GKE_NODE_VERSION="<version>"
K8S_CLUSTER_NAME=${K8S_CLUSTER_NAME:-"<cluster>"}
NODE_LABELS="<node-labels>"
MACHINE_TYPES="<machine-type>"
TAGS="<tags>"
METADATA="<metadata>"
MAX_PODS_PER_NODE=<max-pods-per-node>
MAX_NODES=<max-nodes>
MIN_NODES=<min-nodes>
NUM_NODES=<num-nodes>
DISK_SIZE="<disk-size>"
DISK_TYPE="<disk-type>"

DOMAIN

The name of the domain that hosts the node pool. This is typically prefaced with the name of the organization.

Node Pool Type Sample DOMAIN Value
Operator csi-operator
AnzoGraph csi-anzograph
Dynamic csi-dynamic

KIND

This parameter classifies the node pool in terms of kernel tuning and the type of pods that the node pool will host.

Node Pool Type Required KIND Value
Operator operator
AnzoGraph anzograph
Dynamic dynamic

GCLOUD_CLUSTER_REGION

The compute region for the GKE cluster. This parameter maps to the gcloud container cluster --region option. For example, us-central1.

GCLOUD_NODE_TAINTS

This parameter defines the type of pods that are allowed to be placed in this node pool. When a pod is scheduled for deployment, the scheduler relies on this value to determine whether the pod belongs in this pool. If a pod has a toleration that is not compatible with this taint, the pod is rejected from the pool. The recommended values below specify that operator pods are allowed in the Operator node pool, AnzoGraph pods are allowed in the AnzoGraph node pool, and dynamic pods are allowed in the Dynamic node pool. The NoSchedule value means a toleration is required and pods without the appropriate toleration will not be allowed in the pool. In addition, the values specify that pods should not be placed on preemptible nodes.

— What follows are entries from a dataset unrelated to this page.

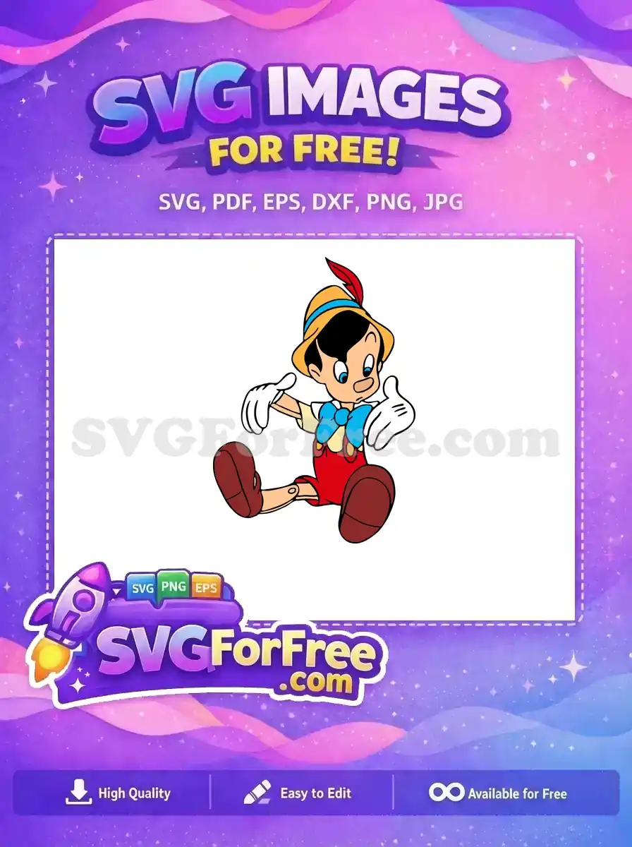 Free Sitting Puppet Free Blue Bowtie Pinocchio Free SVG – Instant Download
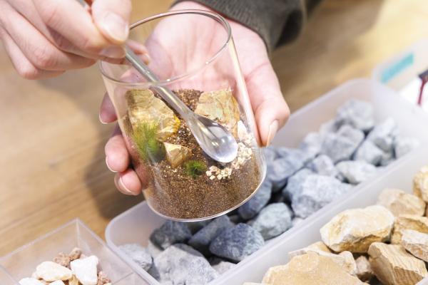 容器に石や砂を配置し、苔を植え付け、自分だけの小さな世界を作りましょう。所要時間は1時間ほどで、完成品はお持ち帰りできます。
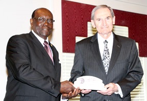 (RIGHT) Dr. Jimmy E. Jackson, pastor of Whitesburg Baptist Church addressed the Golden Class attendants during the President’s Community Breakfast. Standing (LEFT) is AAMU president, Dr. Andrew Hugine, Jr.
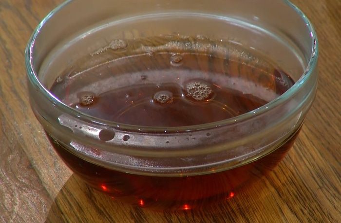 В сметану, непрерывно вымешивая, влить порциями большую часть остывшего сиропа, если понадобится — добавить еще немного сиропа.
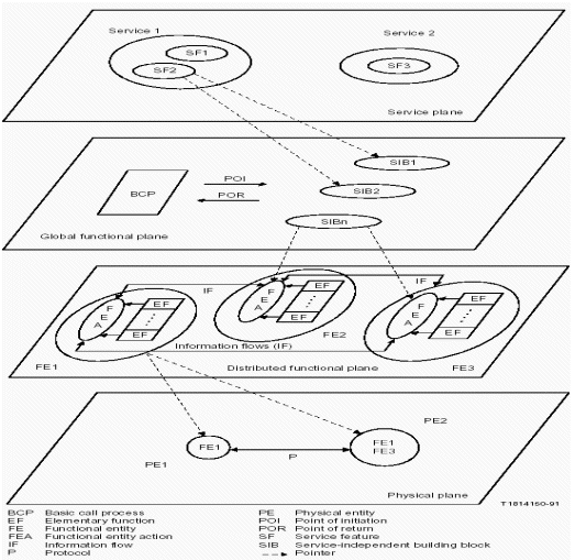Intelligent Network, IN-Conceptual Model, Service Plane, Global Functional Plane, Distributed Functional Plane, Physical Plane
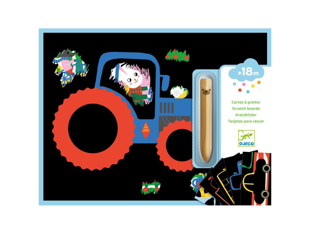 Učím sa o vozidlách: Vyškrabovacie obrázky (5 ks)Preskúmajte fascinujúci svet vozidiel a odhaľte farebné ilustrácie jediným ťahom Vyškrabovacie obrázky Učím sa o vozidlách prinášajú deťom zábavný a vzdelávací spôsob, ako sa zoznámiť so svetom áut a ďalších dopravných prostriedkov. Pod tmavou krycou vrstvou každej kartičky sa ukrývajú ilustrácie vozidiel – stačí vziať drevené vyškrabávacie pero a jemne zoškrabať povrch, aby sa objavili pestré farby. Výsledok je vždy prekvapivý. Tento kreatívny set kombinuje radosť z tvorenia s objavovaním. Deti si pri ňom nielen precvičujú jemnú motoriku a sústredenie, ale zároveň sa učia o rôznych druhoch vozidiel a rozvíjajú svoju fantáziu. Hotové obrázky sú veľké, farebné a môžu byť vystavené – napríklad ako výzdoba detskej izby, alebo poslúžia ako originálna vzdelávacia pomôcka. Čo si deti rozvíjajú: jemnú motoriku sústredenie a trpezlivosť vizuálne vnímanie kreatívne myslenie a umelecké cítenie záujem o techniku a dopravné prostriedky Prečo si vybrať Učím sa o vozidlách: Vyškrabovacie obrázky od Djeco: pútavé ilustrácie rôznych vozidiel efektný proces „odkrývania“ farieb – deti milujú moment prekvapenia kvalitné materiály a bezpečný drevený nástroj Set, ktorý spája hru, kreativitu a prvé poznatky o doprave. Obsah balenia: 5 vyškrabovacích obrázkov s motívmi vozidiel bezpečné drevené vyškrabávacie pero obrázkový návod Komu je sada určená: deťom vo veku 18+ mesiacov malým milovníkom áut, vlakov, lietadiel a dopravy Možné je zoškrabať celú vrchnú vrstvu a odhaliť celý obrázok.Dodatočné parametre
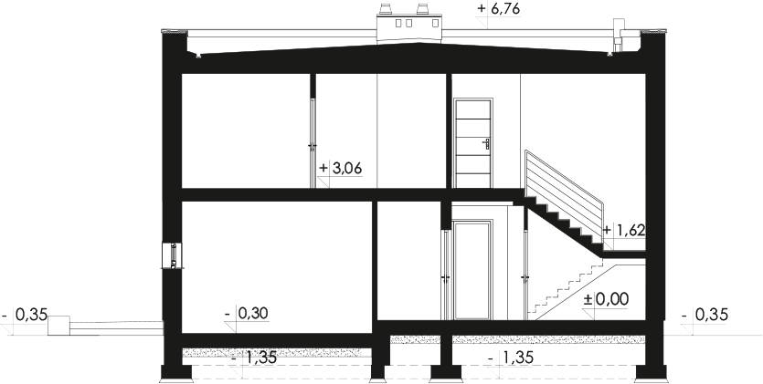 Ściany zewnętrzne: dwuwarstwowe o gr. 25cm, z pustaków ceramicznych firmy LEIER+ styropian Termo Organika o gr. 20cm + tynk. Schody: żelbetowe, monolityczne dwubiegowe ze spocznikiem. Strop: płyta żelbetowa. Dach: konstrukcja żelbetowa, pokryty papą termozgrzewalną na płytach z polistyrenu ekstrudowanego Źródło ciepła: kocioł gazowy, kominek z płaszczem wodnym na biomasę i zestaw solarny (c.w.u.).Pomieszczenie gospodarcze spełnia wymagania kotłowni na paliwo stałe,w związku z czym na etapie adaptacji istnieje możliwość zmiany sposobu ogrzewania. Wentylacja: grawitacyjna. Stolarka okienna i drzwiowa: okna i drzwi PVC, rolety zewnętrzne, brama garażowa segmentowa, ocieplona.
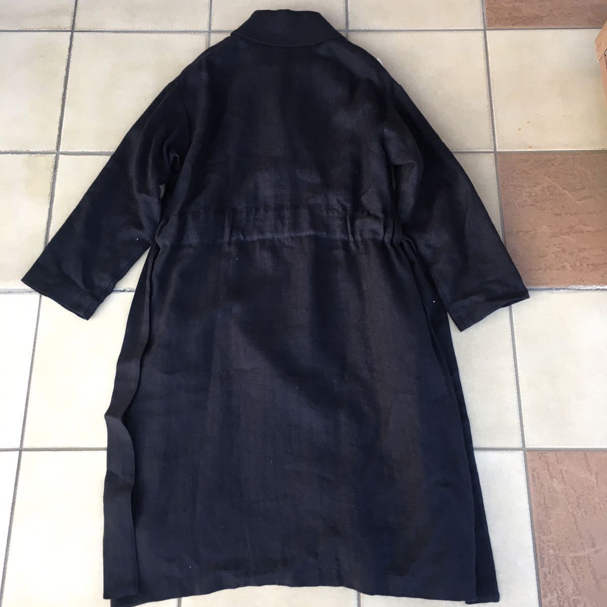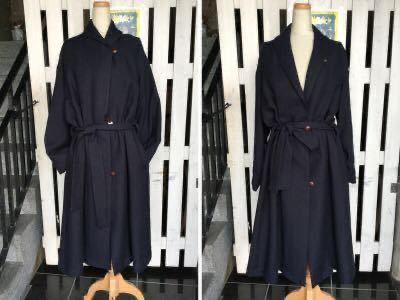 襟元で印象がガラリと変わるショールカラーコートです。秋口から春先まで長いシーズン活躍するクタっとしたリネンウール生地を使用。ヘリンボーンの織り柄が生地に奥行きを与え大人っぽい雰囲気。
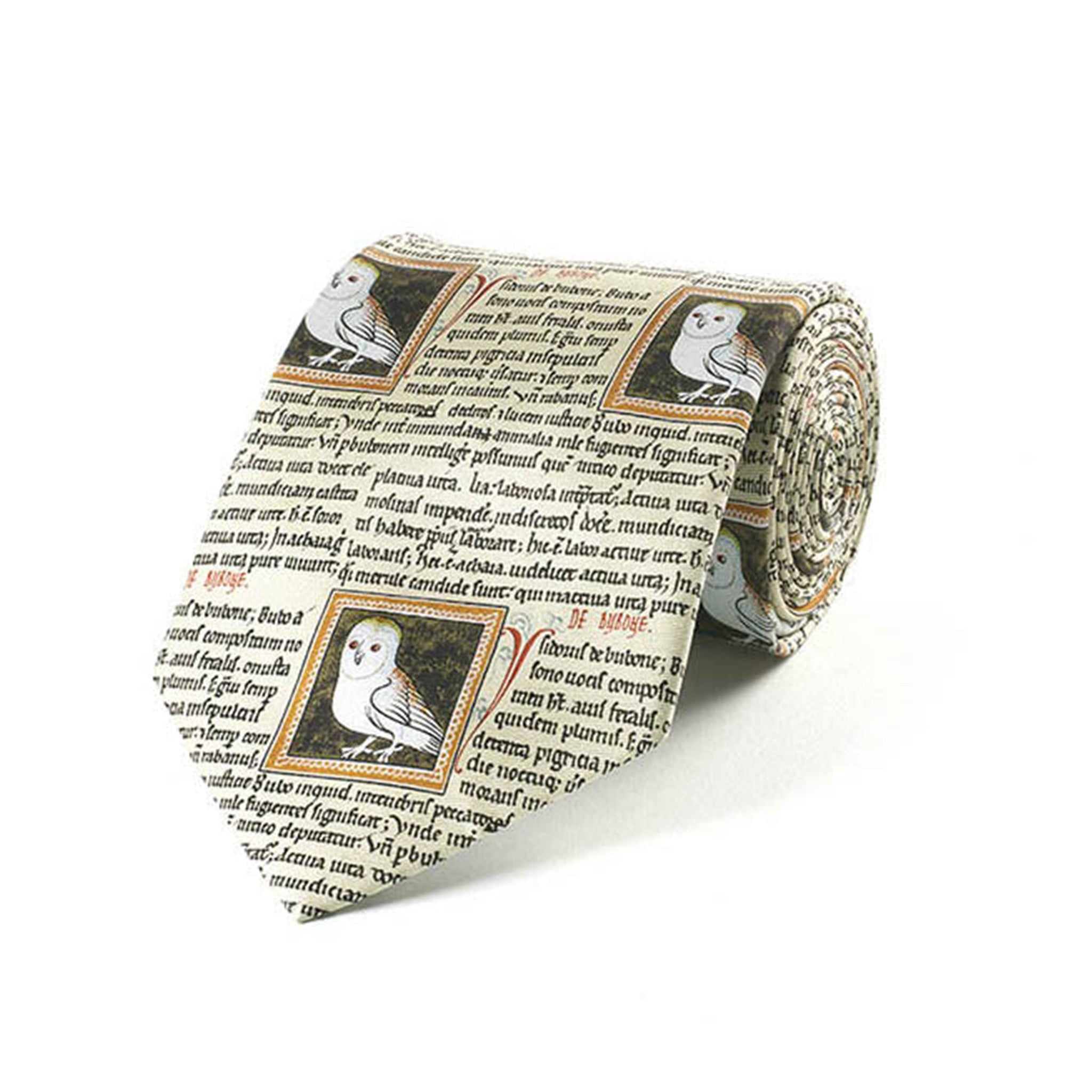 This silk tie comes from the Bodleian Library of Oxford and is inspired by a painting of the owl from the 'Ashmole Bestiary', a manuscript made in England in the early 13th century.

Node Pool Type Recommended GCLOUD_NODE_TAINTS Value
Operator cambridgesemantics.com/dedicated=operator:NoSchedule,
cloud.google.com/gke-preemptible="false":NoSchedule
AnzoGraph cambridgesemantics.com/dedicated=anzograph:NoSchedule,
cloud.google.com/gke-preemptible="false":PreferNoSchedule
Dynamic cambridgesemantics.com/dedicated=dynamic:NoSchedule,
cloud.google.com/gke-preemptible="false":NoSchedule

GCLOUD_PROJECT_ID

The Project ID for the node pool. This parameter maps to the gcloud-wide --project option. The value should match the Project ID for the GKE cluster. For example, cloud-project-1592.

GKE_IMAGE_TYPE

The base operating system that the nodes in the node pool will run on. This parameter maps to the gcloud container cluster --image-type option. This value must be cos_containerd.

GKE_NODE_VERSION

The Kubernetes version to use for nodes in the node pool. This parameter maps to the gcloud container cluster --node-version option.

Cambridge Semantics recommends that you specify the same version as the GKE_MASTER_VERSION.

K8S_CLUSTER_NAME

The name of the GKE cluster to add the node pool to. For example, csi-k8s-cluster.

NODE_LABELS

A comma-separated list of key/value pairs that define the type of pods that can be placed on the nodes in this node pool. Labels are used to attract pods to nodes, while taints (GCLOUD_NODE_TAINTS) are used to repel other types of pods from being placed in this node pool.

For example, the following labels specify that the purpose of the nodes in each pool is to host operator, anzograph, or dynamic pods.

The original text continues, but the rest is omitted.